[Records drawn from a dataset]
┄┄┄┄┄┄
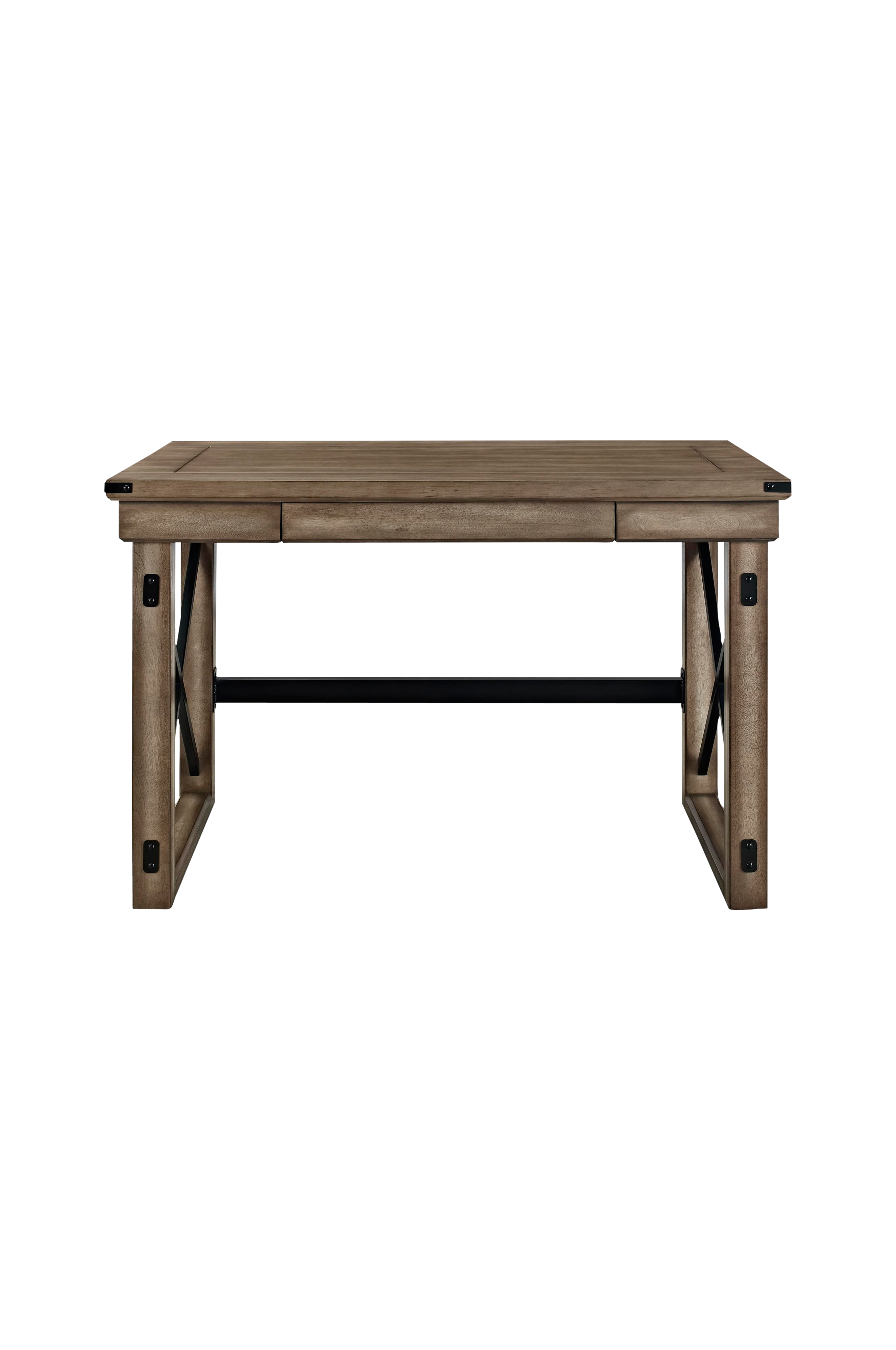 Arbeta hemifrån med stil med datorbordet Wildwood Wood Veneer Computer Desk. Den här vackra möbeln är designad för hemmakontoret, vardagsrummet eller sovrummet och har en generös arbetsyta som rymmer både laptop och kontorsmaterial samt en liten låda för mindre artiklar. Snygga detaljer av svart metall med zickzackmönster ger en sofistikerad touch. Detta stadiga datorbord är tillverkat av äkta träfaner och mäter B121 x D60 x H76 cm. Montering krävs.
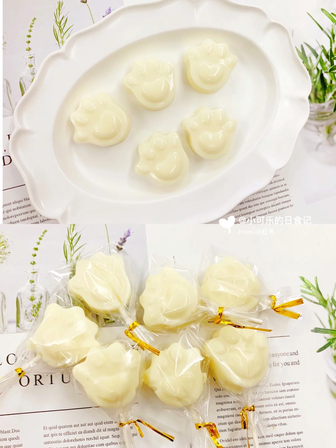 2⃣️晾至微凉放入吉利丁片,搅拌均匀,倒入猫爪模具八九分满,盖上盖子放入冰箱冷藏3小时后脱模即可
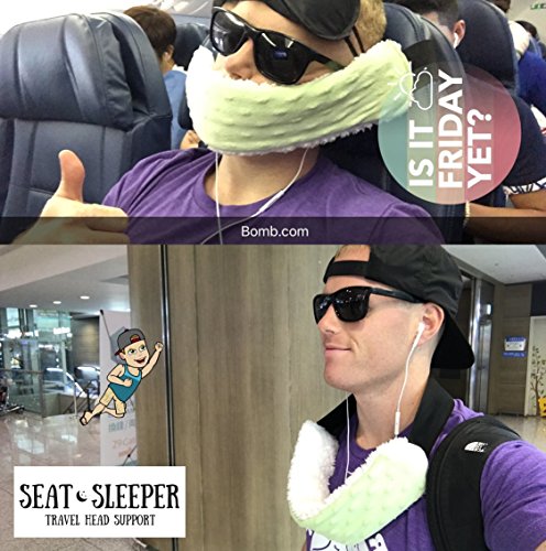 Product Description The Seat Sleeper Travel Pillow is a new innovating type of travel pillow that is designed to wrap around your headrest to keep you upright while sleeping so you can sleep comfortably and relaxed without head bobbing. Ultra cozy - your face will love it. Made with a unique blend of premium 80% acrylic 20% terelyne polyester. Stylish, small lightweight - Not bulky like other travel pillows so you can travel with your Seat Sleeper in any small purse, backpack or travel bag. Our soft fleece design has a different soft material on each side - pick your favorite! Either short pile, or plush polyester fleece. We selected the most soft and cozy materials so you can wake up without marks on your skin. PERFECT FOR: ? Nomadic Travelers ? Road Trips ? Traveling Business People ? Long flights ? A quick nap in your car! ? Adjustable size: easily shorten or lengthen the buckle strap to fit almost any plane or car headrest - up to approx 4-feet maximum total length. ? Easily washed. We are a small business Based in Seattle we provide personal customer support and listen to every review. Try our new product worry-free - Love it or your money back! Limited Availability! - Click 'Add to Cart' while we're still in stock! 0
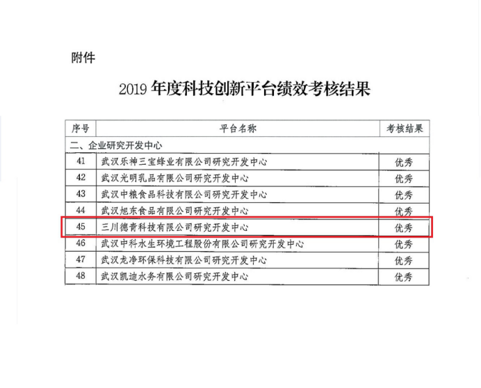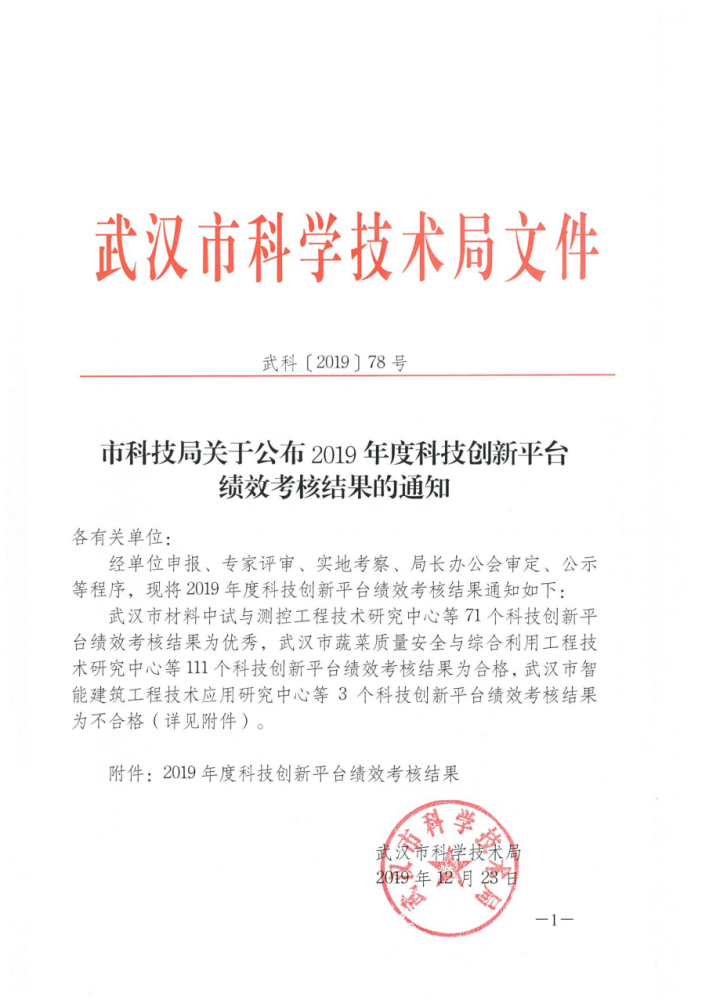 2019年,公司通过武汉市科技局科技创新平台绩效考核,考核结果为优秀。
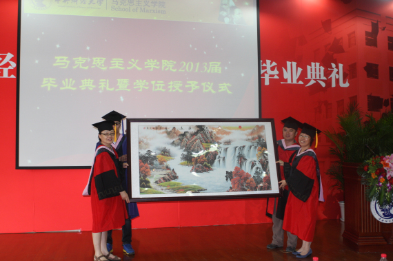 随后,2013届全体硕博毕业生一同在台上接受了导师亲手赠送的毕业纪念礼品,毕业生们满怀对公司、对恩师的浓浓感激之情回赠公司一副山水画匾留念。
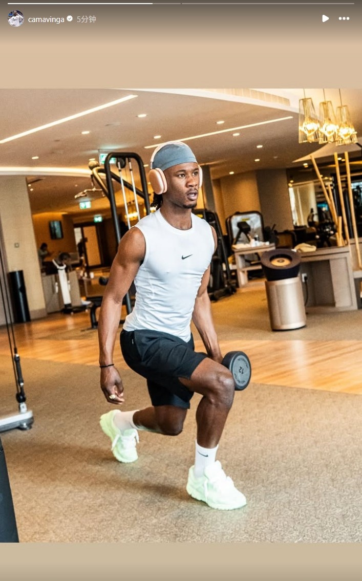 放假也没闲着!卡马文加更新社媒晒训练照,努力保持状态
┄┄┄┄┄┄
**Task statement**
What must be output is the exact run of lines from the one holding "2019年,公司通过武汉市科技局科技创新平台绩效考核,考核结果为优秀。" through the end of the entries above, both ends included, minus the pictures.

**Answer to this exercise**
 2019年,公司通过武汉市科技局科技创新平台绩效考核,考核结果为优秀。
 随后,2013届全体硕博毕业生一同在台上接受了导师亲手赠送的毕业纪念礼品,毕业生们满怀对公司、对恩师的浓浓感激之情回赠公司一副山水画匾留念。
 放假也没闲着!卡马文加更新社媒晒训练照,努力保持状态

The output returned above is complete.